§ WHAT THIS TASK INVOLVES
From the material below, copy exactly the lines beginning with the one that contains "SANTAFE 50 boots" and ending with the one that contains "Euclidean Transformation (rigid, Rotation"; the pictures stay out.

※

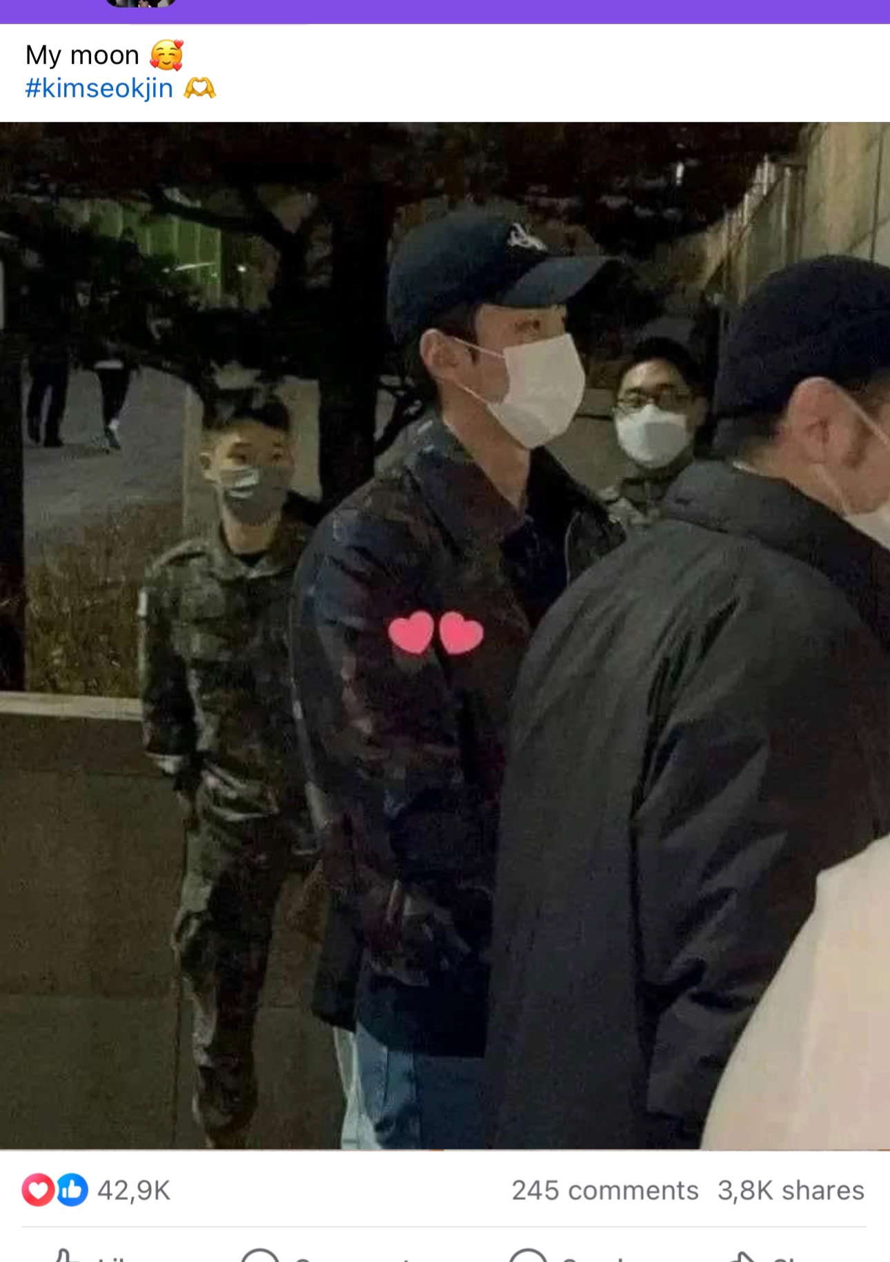 There are a lot of fans leaving comments about him like "I miss you, Seokjin", "His hair grows a little", "Waiting for the day he returns", "He looks good these days"....The photo is not of high quality while the angle of the photo shows that the person in the photo looks almost like Worldwide Handsome. However, the story started to become more complicated when a few fans realized soмєтнing unusual about the photo.
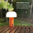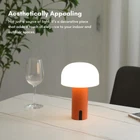 Rechargeable Orange Mushroom Lamp, Cordless LED Table Lamp 4000mAh Battery Operated Touch Dimmable Table Lights, Portable Wireless IP44 Waterproof Lamp for Home & Outdoor, Shower, Patio Product Details Base Material: Metal Product Dimensions: 6.1"D x 6.1"W x 9.06"H Lamp Type: Table Lamp Shade Color: white Switch Type: Touch Product Dimensions : 6.1 x 6.1 x 9.06 inches; 1.08 Pounds Item model number : CMLO Batteries : 1 Lithium Ion batteries required. (included) Date First Available : April 6, 2024 Manufacturer : UEHICT Country of Origin : China Customer Reviews: 4.5 4.5 out of 5 stars 24 ratings Base Material: Metal Product Dimensions: 6.1"D x 6.1"W x 9.06"H Lamp Type: Table Lamp Shade Color: white Switch Type: Touch Style: Modern Brand: UEHICT Color: Orange Special Feature: Dimmable, Waterproof, Cordless, Rechargeable, Color Changing Light Source Type: LED Material: Metal Room Type: Kids Room, Bedroom, Living Room, Deck, Dining Room Recommended Uses For Product: Decoration, Reading, Power Outage, Camping, Hiking Power Source: Battery Powered Shape: Mushroom Number of Light Sources: 1 Included Components: Lamp Body Is Waterproof: True Number of Items: 1 Lighting Method: LED Control Method: Touch Indoor/Outdoor Usage: Outdoor, Indoor Specific Uses For Product: [INF1, INF2, INF3, INF4, INF5, INF6, INF7, INF8, INF9, INF10] Water Resistance Level: Waterproof Installation Type: Freestanding Is Cordless?: Yes Manufacturer: UEHICT Part Number: CML Item Weight: 1.08 pounds Country of Origin: China Item model number: CMLO Batteries: 1 Lithium Ion batteries required. (included) Special Features: Dimmable, Waterproof, Cordless, Rechargeable, Color Changing Batteries Included?: Yes Batteries Required?: Yes Date First Available: April 6, 2024 PORTABLE CORDLESS LAMP: Say goodbye to tangled cords, UEHICT baterry mushroom lamp offers a hassle-free experience, IP44 waterproof makes it more versatile and works anywhere you want to take it. Whether it's left on the stairs for ambient light, placed in the bathroom for a soft alternative to harsh overhead lighting, or utilized by your toddlers during playtime in their tent - this portable lamp will proven itself indispensable AESTHETICALLY APPEALING: This rechargeable orange mushroom lamp gives off a very nice and warm glow which is very gentle to the eyes,. The mushroom design is where this lamp's charm comes to life. Not just a source of light, it's a decorative piece that adds a touch of elegance to your indoor and outdoor spaces. When it is not lit up, it looks like a really nice sculpture, such an eye candy for home! DECENT QUALITY: UEHICT outdoor rechargeable table lamp is solid built with metal body, which is sturdy and durable to resist rust and wear. Its thick frosted globe creates a soft diffused light and won't shatter if knocked over. Built-in 4000mAh rechargeable battery could last for 8-16 hours after 4-6 hours charging. Even while recharging you can immediately use it. It's great to have as a backup light source during a power outage. STEPLESS DIMMING & 3 COLOR TEMPERATURES: This wireless mushroom lamp provides decent light and is dimmable at the touch of a button on the side. One touch to turn on/off and cycle through different color temperatures, hold touch to bright or dim the light, So smooth when adjusting the brightness, and you don't have to hear that click sound on and off. It's not just a technological perk, but a way to customize the ambiance. 100% SATISFACTION GUARANTEED: Let this cute waterproof cordless lamp illuminate your indoor & outdoor spaces with both functionality and charm, such as gracing your patio, lighting up a camping trip, or enhancing an al fresco dining experience. We stand behind our products. Any questions, please do not hesitate to contact us, we'll make you 100% satisfied.
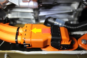 - Release the locking tab, and then disconnect the power connector to the HV battery.
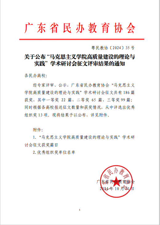 11月1日,由广东省民办教育协会主办的“马克思主义学院高质量建设的理论与实践”学术研讨会征文比赛圆满落幕。此次比赛旨在深入学习习近平总书记关于思想政治理论课建设的系列重要讲话精神,扎实推进新时代马克思主义学院高质量建设,全面提高思想政治理论课教学水平,快速提升思想政治理论课教师队伍素质。
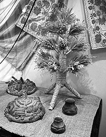 Украшая стол на Святой Вечер, после захода солнца застилают его свежим сеном или соломой. Поверх которого насыпают немного зерна и покрывают скатертью, под которую по углам кладут по зубчику чеснока (он служит оберегом от нечистой силы и болезней). Стоит позаботиться, чтобы в доме на почетном месте стоял «дидух» – праздничный, перевязанный особым образом сноп из пшеницы, ржи или овса. Этот символ олицетворяет духов предков, которые в этот день должны были прийти в гости к родственникам.
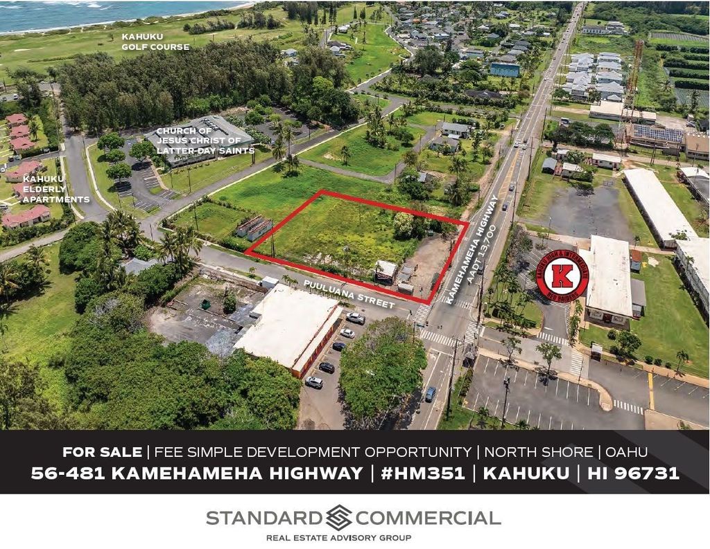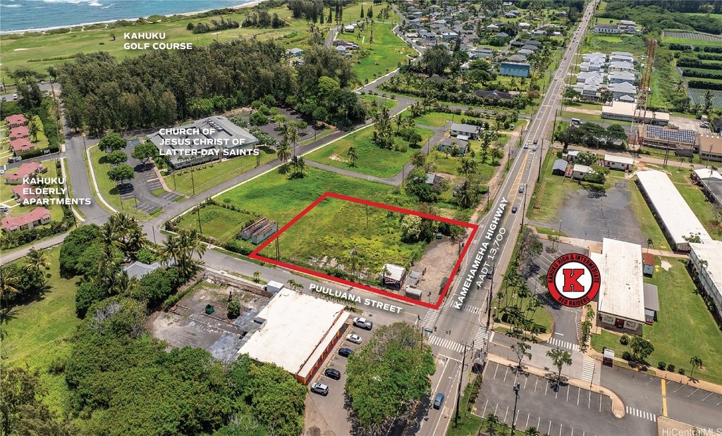 FEE SIMPLE COMMERCIAL LOT IN A PRIME CORNER LOCATION! This rare, large rectangular commercial corner lot offers a unique opportunity to purchase a high-profile parcel along Kamehameha Highway on Oahu's North Shore. The property is ideal for a retail or office development, and a drive-thru is allowed. Located directly across from Kahuku Intermediate & High School (1,400 students), the site is part of the Kahuku Village development, which includes 90 homes/lots currently being sold or developed, and also seconds away from the Kahuku Elderly Apartments (64 units). Existing food trucks provide income to cover carrying costs while a development is completed. The property is ideal for a developer or owner-user interest who wants to take advantage of a large lot with excellent visibility in a supply constrained area. Property could also be available for long-term ground lease as well (contact listing agent).
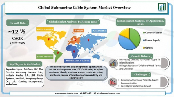 Research Nester Private Limitedは調査レポート「海底ケーブルシステム市場:世界的な需要の分析及び機会展望2030年」2021年11月 17日に発刊しました。これは、予測期間中に、市場の詳細な分析と、業界の詳細な洞察を提供します。レポートは、市場規模と決定に基づいてさまざまなパラメーターについて説明します。これらには、市場価値、年間成長、セグメント、成長ドライバーと課題、および市場における主要企業などが含まれます。
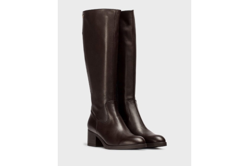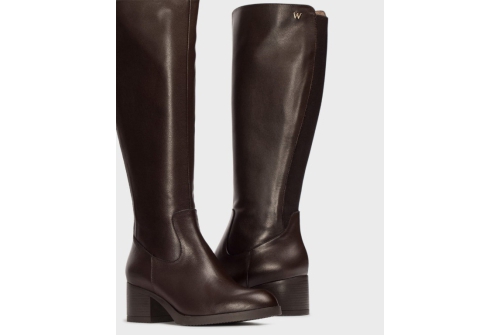 SANTAFE 50 boots made from a mix of brown textile and leather. A classic riding-boot silhouette enhanced by a metallic “W” detail on the outer side. The wide back elastic and side zip work together to ensure a perfect and secure fit.
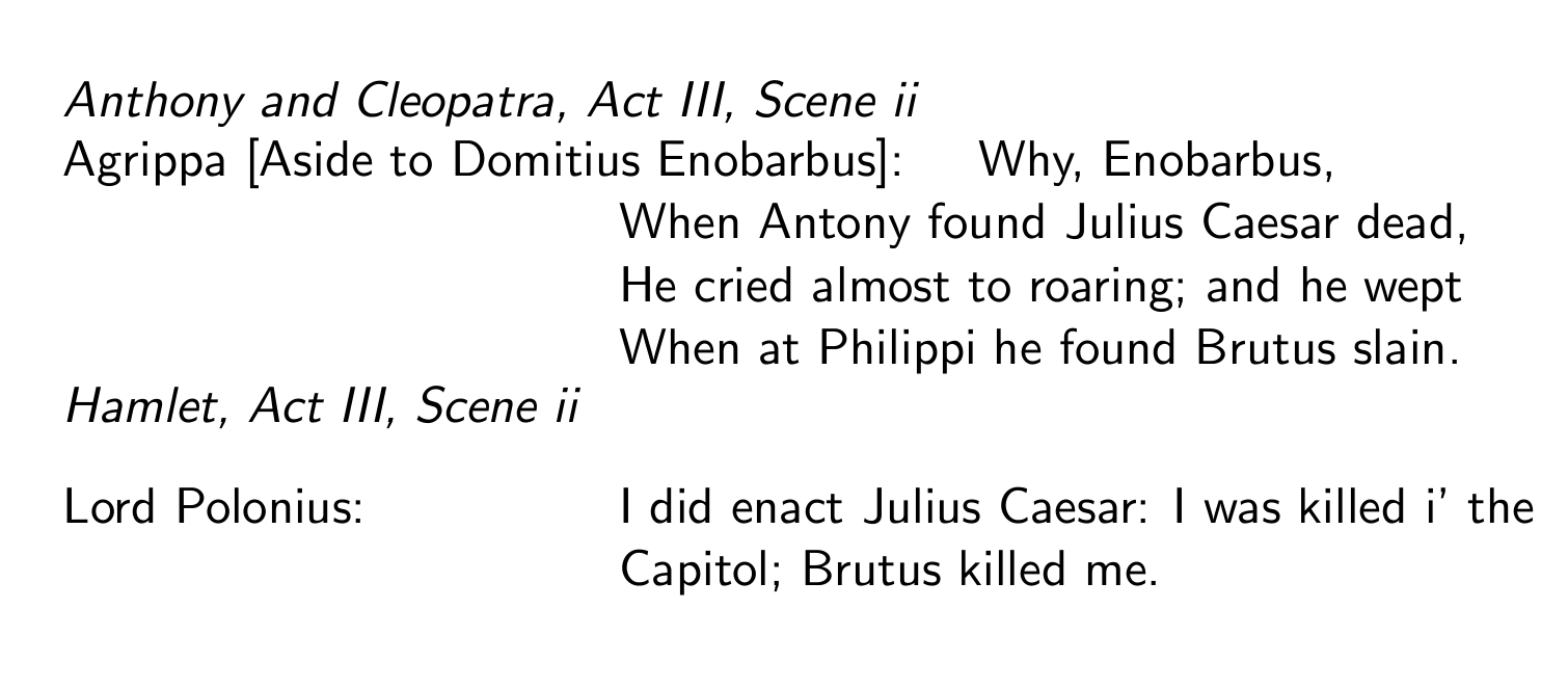 위 행렬에서 Anthony and Cleopatra, Hamlet이 답을 가지고 있다는 것을 알았으니 사용자에게 보여줄 응답은 아래와 같다.
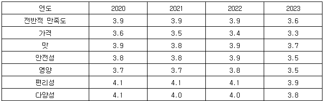 요소별 만족도를 보면 편리성이 3.9점으로 가장 높고 다양성(3.8점), 맛(3.7점), 안전성(3.5점), 영양(3.5점)에 이어 가격이 3.3점으로 꼴찌였다.
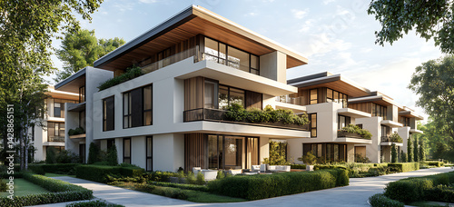 Modern apartment building with white and beige exterior walls, wooden balconies adorned with greenery.
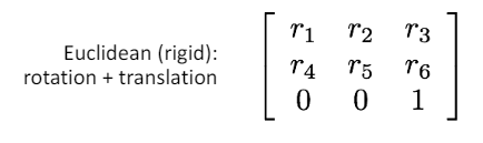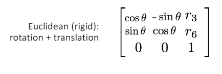 Euclidean Transformation (rigid, Rotation + Translation) : 유클리드 변환은 물체의 형상을 유지하면서 위치와 방향만을 바꾸는 변환이다. 즉, 회전과 평행 이동의 합으로 볼 수 있다.
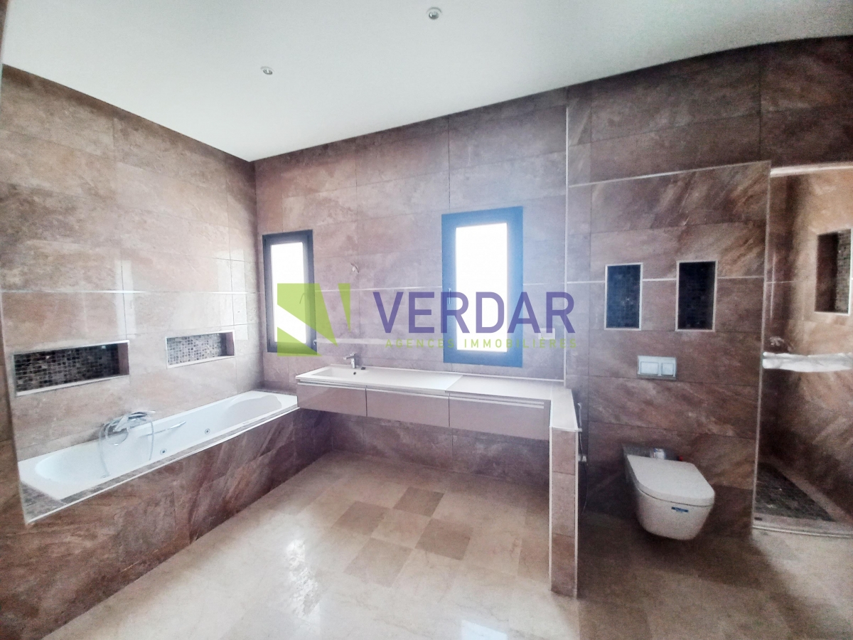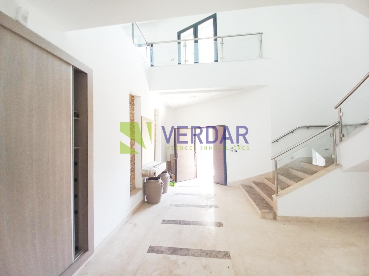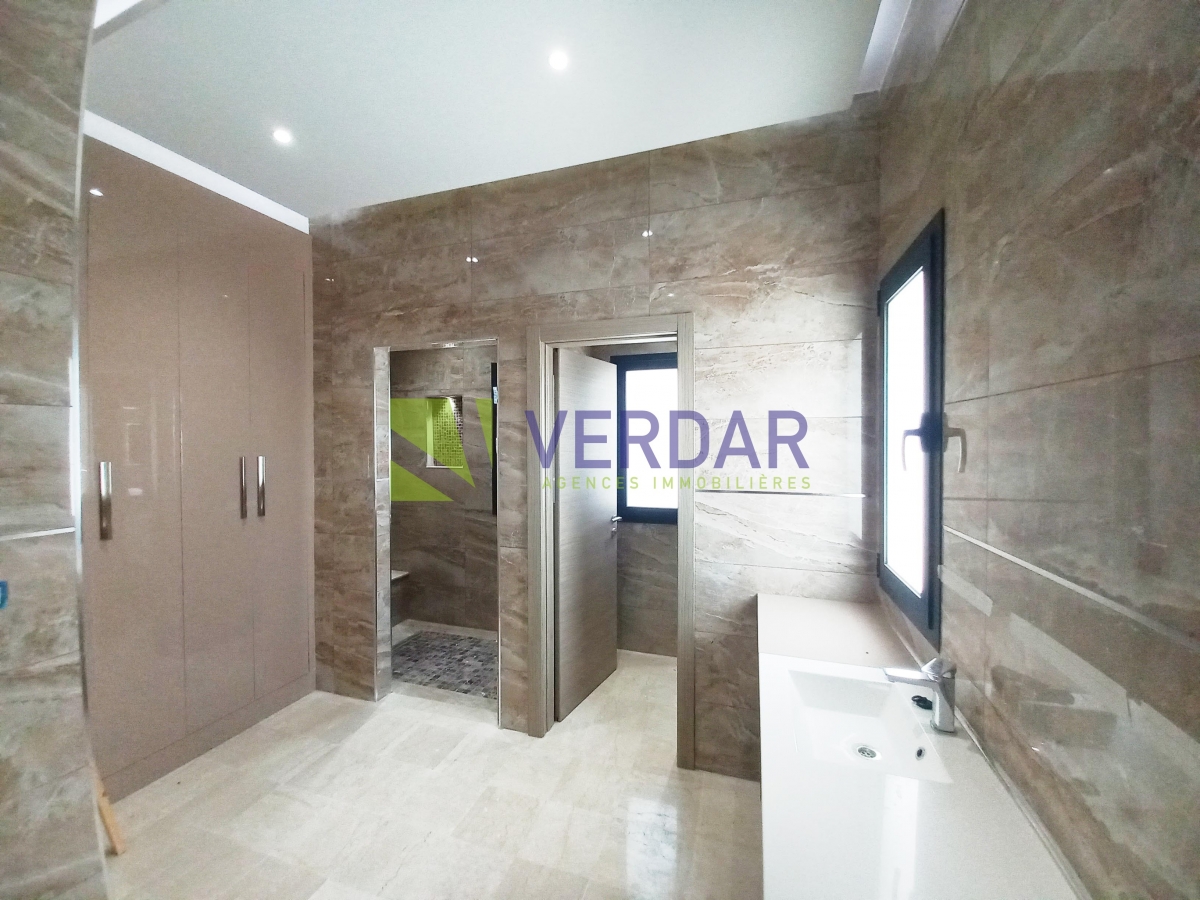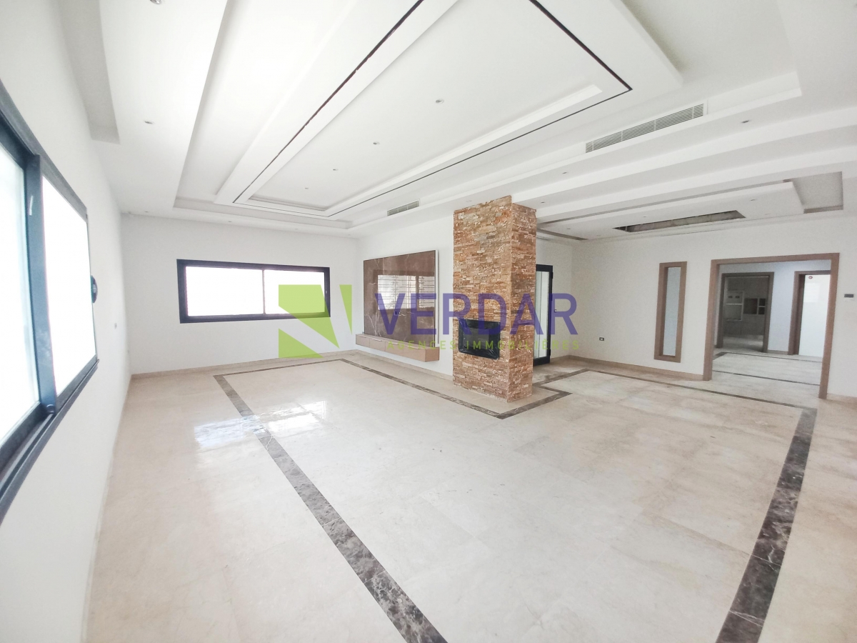 Cette villa est située dans un quartier calme et résidentiel, érigée sur deux niveaux sur un terrain de 840m². L'entrée donne sur un hall qui dessert le salon, cet espace est caractérisé par son volume généreux qui permet d'aménager deux salons et une salle à manger. La cuisine est aménagée de rangements pratiques et fonctionnels, elle donne sur une deuxième cuisine et une salle à manger. Cet étage est complété par un séjour, une cuisine externe et une salle d’eau pour les invités. Au premier étage, on découvre trois suites dont une avec sa chambre de dressing et sa propre salle de douche et deux suites avec salle de douche, deux chambres à coucher et une salle de bain commune sont disponibles. Le rez-de-jardin se compose d’une salle d’eau, une chambre de gardien, une espèce peut être utilisée comme salle de sport et un débarrât qui donne accès à l’espace extérieur où on trouve un garage qui abrite trois voitures. Cette propriété est équipé d’un chauffage central, système d’alarme, des caméras de surveillance et climatisation centrale.
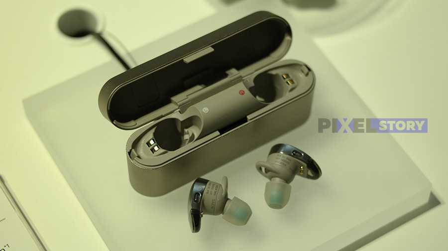 Зарядка Sony WF-1000X происходит в специальном футляре, который имеет собственный аккумулятор. Зарядив его, вы можете таскать его с собой, периодически засовывая туда свои WF-1000X для подзарядки.

※

§ RESPONSE AREA
 SANTAFE 50 boots made from a mix of brown textile and leather. A classic riding-boot silhouette enhanced by a metallic “W” detail on the outer side. The wide back elastic and side zip work together to ensure a perfect and secure fit.
 위 행렬에서 Anthony and Cleopatra, Hamlet이 답을 가지고 있다는 것을 알았으니 사용자에게 보여줄 응답은 아래와 같다.
 요소별 만족도를 보면 편리성이 3.9점으로 가장 높고 다양성(3.8점), 맛(3.7점), 안전성(3.5점), 영양(3.5점)에 이어 가격이 3.3점으로 꼴찌였다.
 Modern apartment building with white and beige exterior walls, wooden balconies adorned with greenery.
 Euclidean Transformation (rigid, Rotation + Translation) : 유클리드 변환은 물체의 형상을 유지하면서 위치와 방향만을 바꾸는 변환이다. 즉, 회전과 평행 이동의 합으로 볼 수 있다.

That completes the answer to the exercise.